Around 75% oppose the idea that their country joins the US-led Military bloc
According to a survey, the overwhelming majority of Austrians don’t want their country joining NATO. In a survey conducted earlier this month by Austria’s Institute for Opinion Polls and Data Analysis and commissioned by the Austria Press Agency, 75% of respondents replied in the negative when asked if they thought their country should join NATO, with another 14% in favor of such a scenario.
Of the 1,000 Austrians surveyed, 52% said they believe Vienna’s neutrality provides sufficient protection against external threats, while 40% did not share that view.

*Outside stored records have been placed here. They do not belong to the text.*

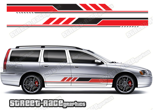 Volvo V70 racing stripes. They are a universal fit to suit all Volvo V70 estate / station wagon cars and facelift variants from MK1 onwards. There are no cutouts for the wheel arches or door lines; these will require trimming during fitting.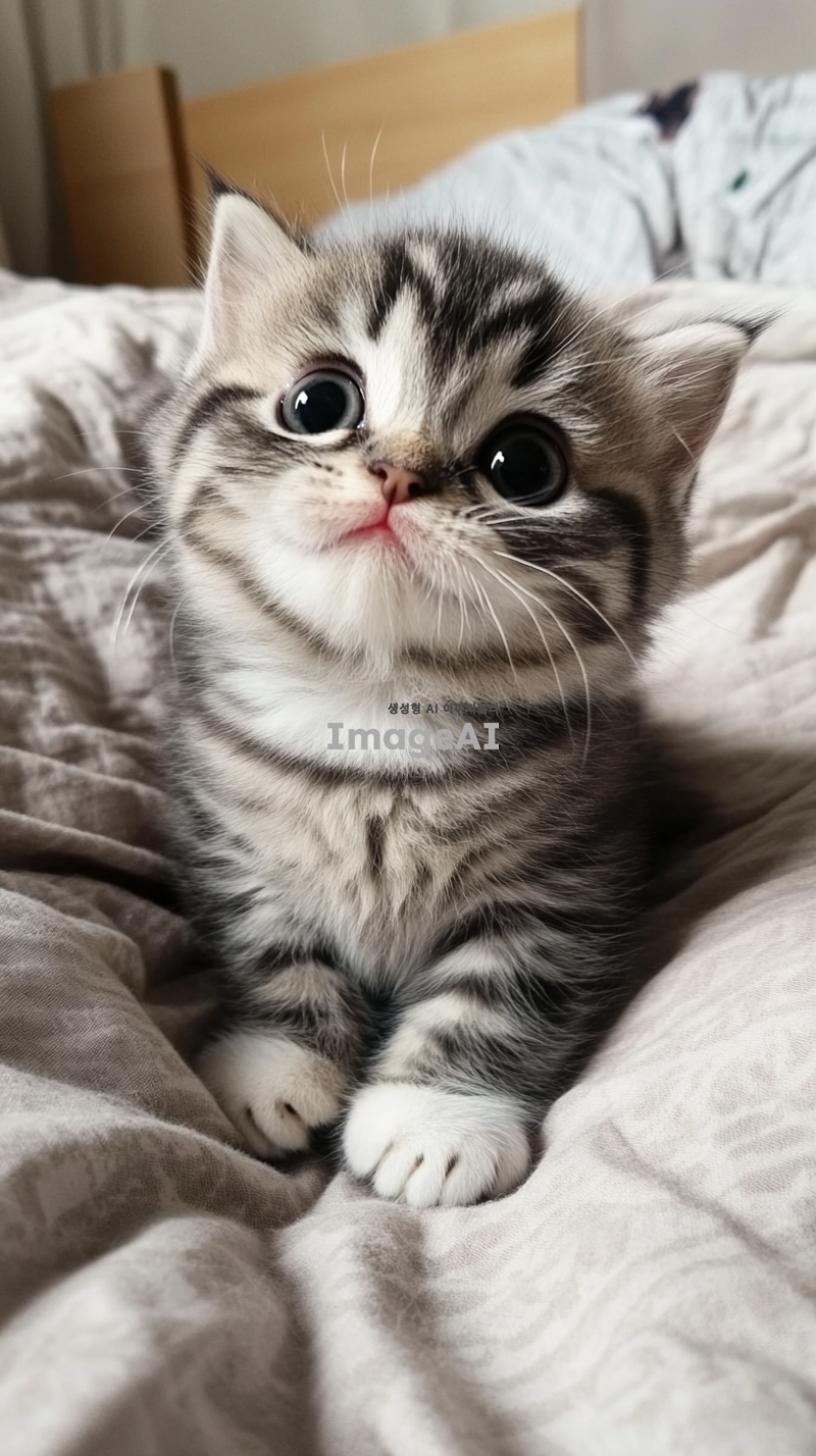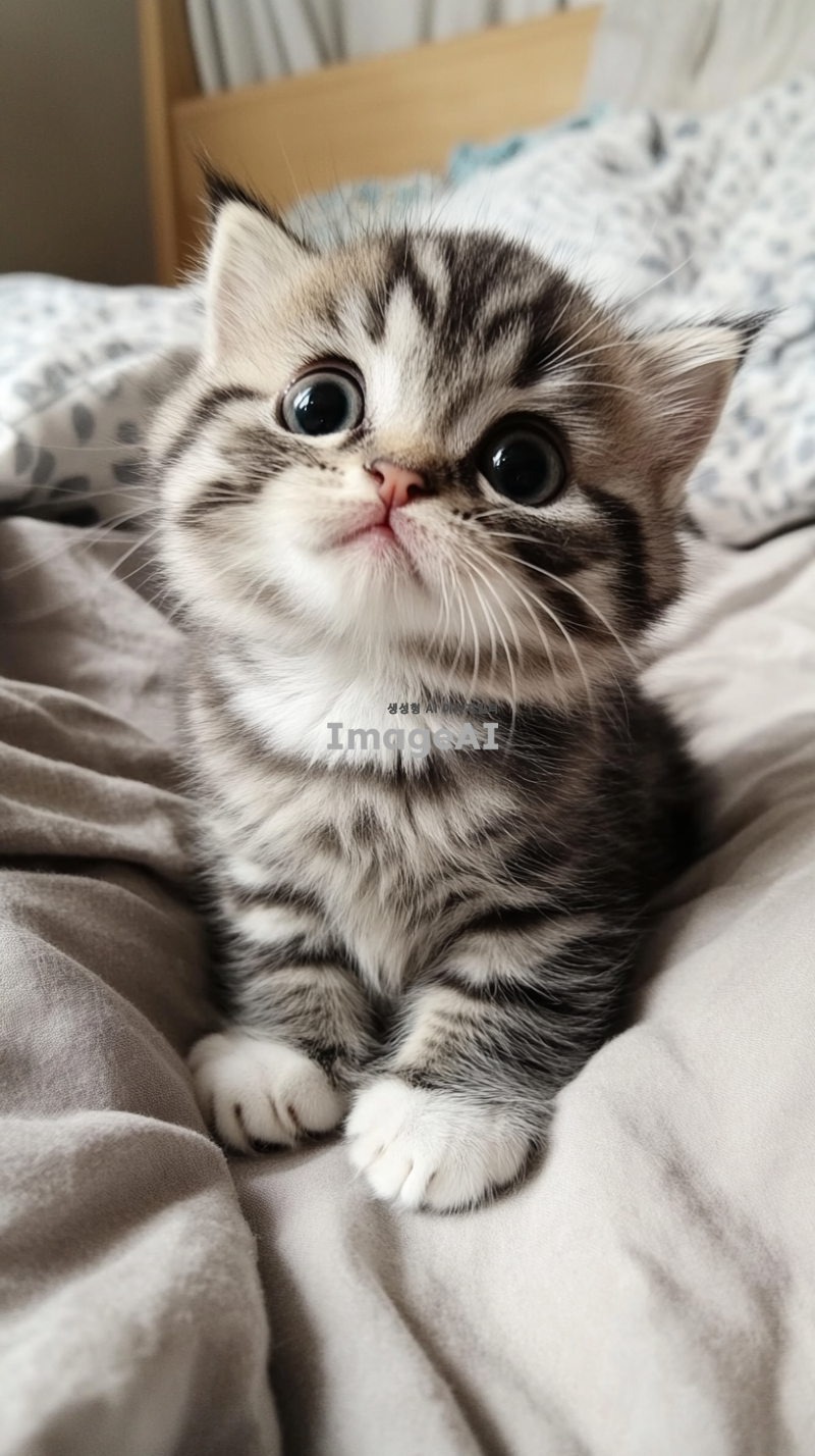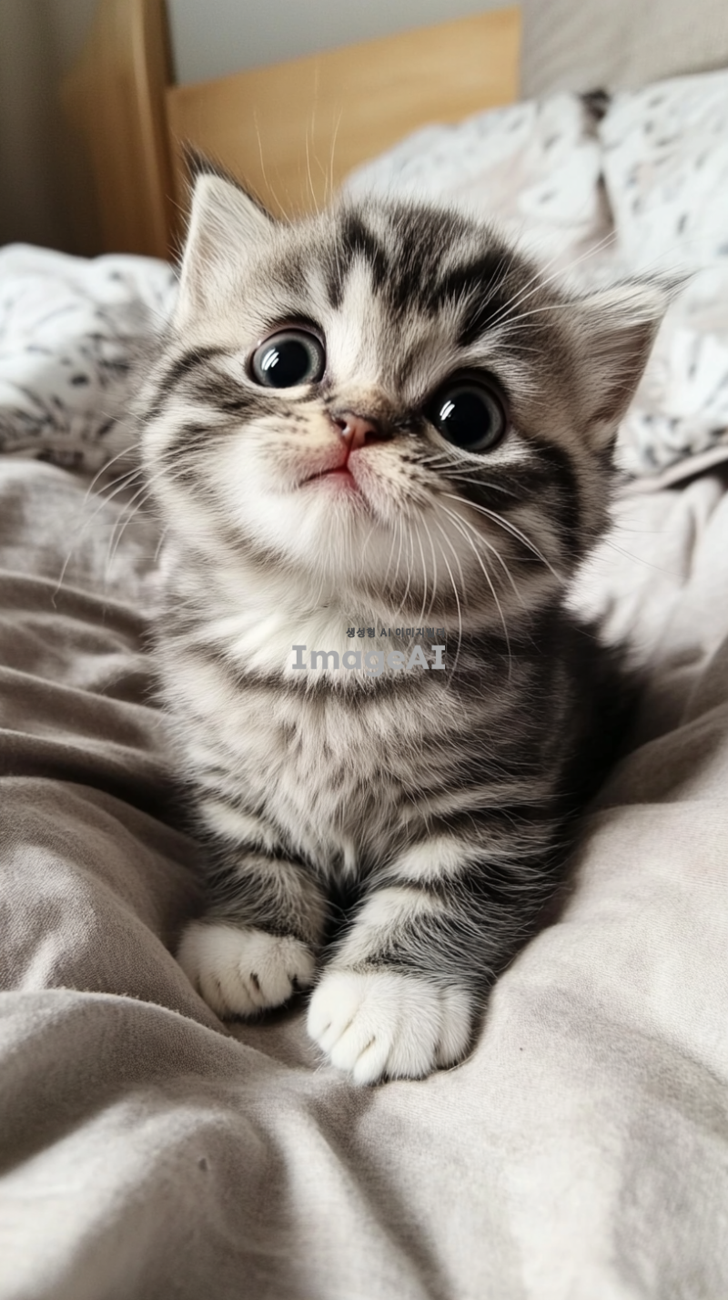 아주 귀여운 새끼 고양이가 침대에서 노는 모습, 회색과 검정 줄무늬, 큰 눈, 하얀 발, 털에 있는 화려한 패턴, 핑크색 코, 부드러운 털 질감, 귀여운 자세로 앉아 있으며 호기심 가득한 눈빛으로 당신을 바라보고 있습니다.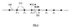 FIG. 3 shows such one dimensional image data to be interpolated. It can be either part of an image line orcolumn300, comprising pixels310 (solid circles).FIG. 3 depicts an interpolation position q320 (hollow circle) and the neighboringoriginal image pixels310 in an image line orcolumn300, that can be used for the interpolation at the given position. For the example inFIG. 3, the value N is assumed to be 6 for the giveninterpolation position320. The two closest neighboringoriginal pixels310 for the giveninterpolation position320 are p0and p1. The six pixels within the filtering range for the givenposition320 are pi, i=−2,−1,0,1,2,3. For description simplicity, piis used to refer both a pixel's location and value in the following. Similarly, q is used to refer both an interpolation position and the interpolation value at that position.

Eighty-three percent of those surveyed supported closer coordination between EU member countries in terms of security and defense policies.
When asked whether they thought Ukraine should be let into the European Union, 46% said they opposed Kiev’s accession, with another 38% indicating that they would support it.
After the withdrawal of allied troops from Austria in 1955, the Alpine nation declared itself permanent neutral. Austria, despite sharing borders and other NATO member countries with it, remained out of the NATO military alliance throughout the Cold War as well as the subsequent years.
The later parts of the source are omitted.